This has led to the development of massively parallel, distributed architecture routers. A distributed architecture router typically comprises a large number of routing nodes that are coupled to each other via a plurality of switch fabric modules and an optional crossbar switch. Each routing node has its own routing (or forwarding) table for forwarding data packets via other routing nodes to a destination address.
The Applicants have filed a number of patent applications related to a massively parallel, distributed architecture router in which each of the multiple routing nodes uses two processors—an inbound network processor and an outbound network processor—to forward data packets. The inbound network processor receives data packets from external devices and forwards the received data packets to other routing nodes via the switch fabric and crossbar switch. The outbound network processor receives data packets from the switch fabric and crossbar switch and forwards the received data packets to an external device.
The disclosed inbound and outbound network processors comprise multiple microengines that perform route searches in a shared forwarding table. In an exemplary embodiment, each inbound or outbound network processor comprises a control plane processor (e.g., XScale core processor (XCP)) operating in the control plane and sixteen (16) microengines that route data packets in the data plane.

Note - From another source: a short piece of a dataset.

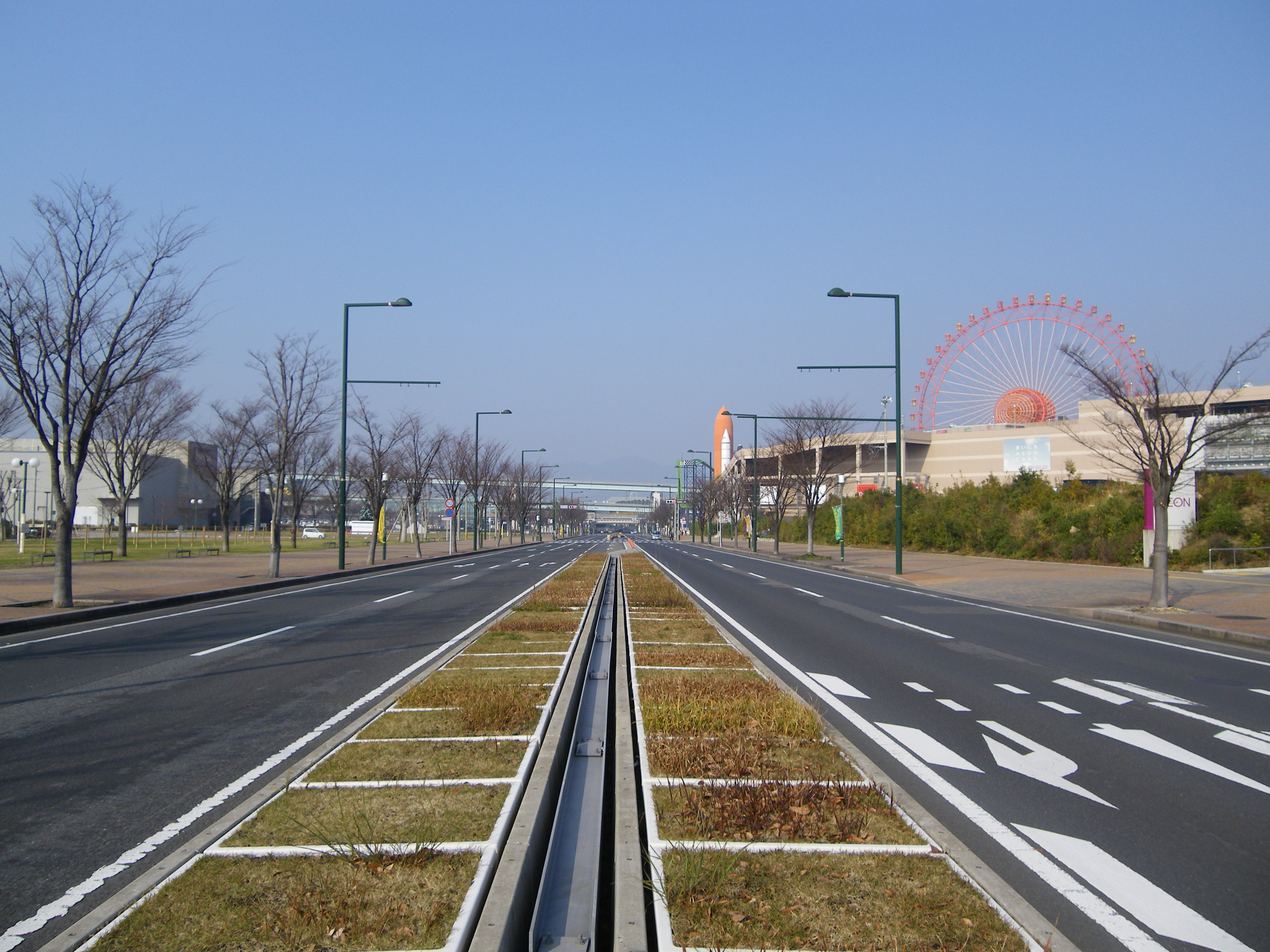 Higashida Street in Kitakyushu City, Fukuoka Prefecture, Japan

In such an embodiment, the control plane processors of the inbound and outbound network processors perform control plane communications primarily using Local Processor Communications (LPC) over a PCI bus. Also, mechanisms are available inside each network processor to provide internal communications among microengines and control plane processors inside the same network processor.
The routers previously described by the Applicants distribute the control plane processing and data plane processing across many processors, microengines, processes, and threads. These processing entities must coordinate operations, as well as share variables and hardware resources. Traditional methods of sharing variables and resources include using software semaphores and time-partitioning techniques. However, software semaphores are complex, error-prone, and consume a large amount of system resources. Time-partitioning may not be practical and it is often difficult to maintain synchronization. Additionally, conventional techniques for sharing resources require a specialized programming model that departs from standard Von Neuman programming.
Therefore, there is a need in the art for an improved high-speed router that implements multiprocessor routing nodes that are capable of sharing variables and hardware resources without relying on software semaphores. There is a further need for an improved high-speed router that implements multiprocessor routing nodes that are capable of sharing variables and hardware resources without relying on time partitioning techniques. More particularly, there is need for an improved high-speed router that implements multiprocessor routing nodes without departing from standard Von Neuman processing techniques.